We grew a few raspberries in the cold of Canberra so I thought they might be alive somewhere. I followed Torsten’s diagram to the Middle Paddock where there was just long grass. No signs of the bushes. They should have towered above the grass. I started up the enormous trimmer that was part of the walk-in-walk-out deal using the nylon cutter rather than the blade that was big enough to fell a small tree. Sadly, Torsten hadn’t bought the plough attachment. I started cutting the grass and within a few minutes had located a very small raspberry plant. The others were equidistant and due east and west of the first. All 25 had survived the 6 years since they had been planted, but hadn’t grown or spread. They weren’t on a dripper line like the dead and miserable fruit trees and the seriously bored-out blackcurrant bushes. They had got this far so they might as well be rescued and treated nicely with at least a dripper line and a bit of a weed and fertilise.
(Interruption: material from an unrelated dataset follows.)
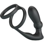This cock ring with butt plug is a combined cock/ball ring with a securely attached vibro-butt plug. The combined rings hold the penis and testicles securely and can support the erection effectively because of the blood congestion effect. The inserted vibro-butt plug with its special ball design and 12 different vibration and double sided thumping modes can provide intense backdoor stimulation. It is covered in silicone that has a soft touch texture which feels great against the skin. Makes the penis strong and pleasures his backdoor at the same time! It can be recharged with the included USB cable.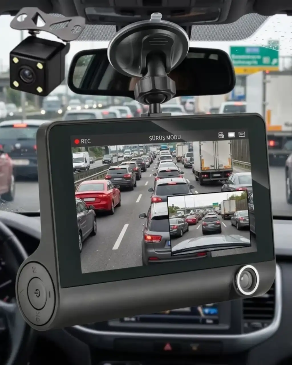 Bu araç içi kamera, gündüz ve gece fark etmeksizin yüksek performanslı kayıt sağlar. Full HD 1080P çözünürlük ile net ve detaylı görüntü elde edilir. Ön ve arka kamera sistemi ile çift yönlü güvenlik sağlanır.170° geniş açı lens daha geniş yol görüntüsü sunar. WDR teknolojisi ışık dengesi sağlar. Gece görüş özelliği karanlık ortamlarda net kayıt sunar.Döngüsel kayıt ve 32 GB microSD desteği sayesinde kesintisiz kullanım sağlar. G-sensör çarpışma anında kaydı kilitler.Park modu ve hareket algılama ile 7/24 araç güvenliği sağlanır. 4 inç LCD ekran anlık görüntü kontrolü sunar.Araç kamerası, oto güvenlik kamerası ve çift lens araç DVR kategorisinde güçlü bir üründür.

She said it would be nice to grow raspberries. Then we can make raspberry jam like your mother makes. She didn’t mean my mother who never made jam though she was great on other stuff, but rather her mother. Her family had a strange tradition of referring to their parents by “Yer mother/father”. They were all pretty keen on their parents so it wasn’t an attempt to distance themselves from that relationship. They still do it which is pretty weird. Maybe an Adelaide thing to do with expurgating any convict links which of course they didn’t have.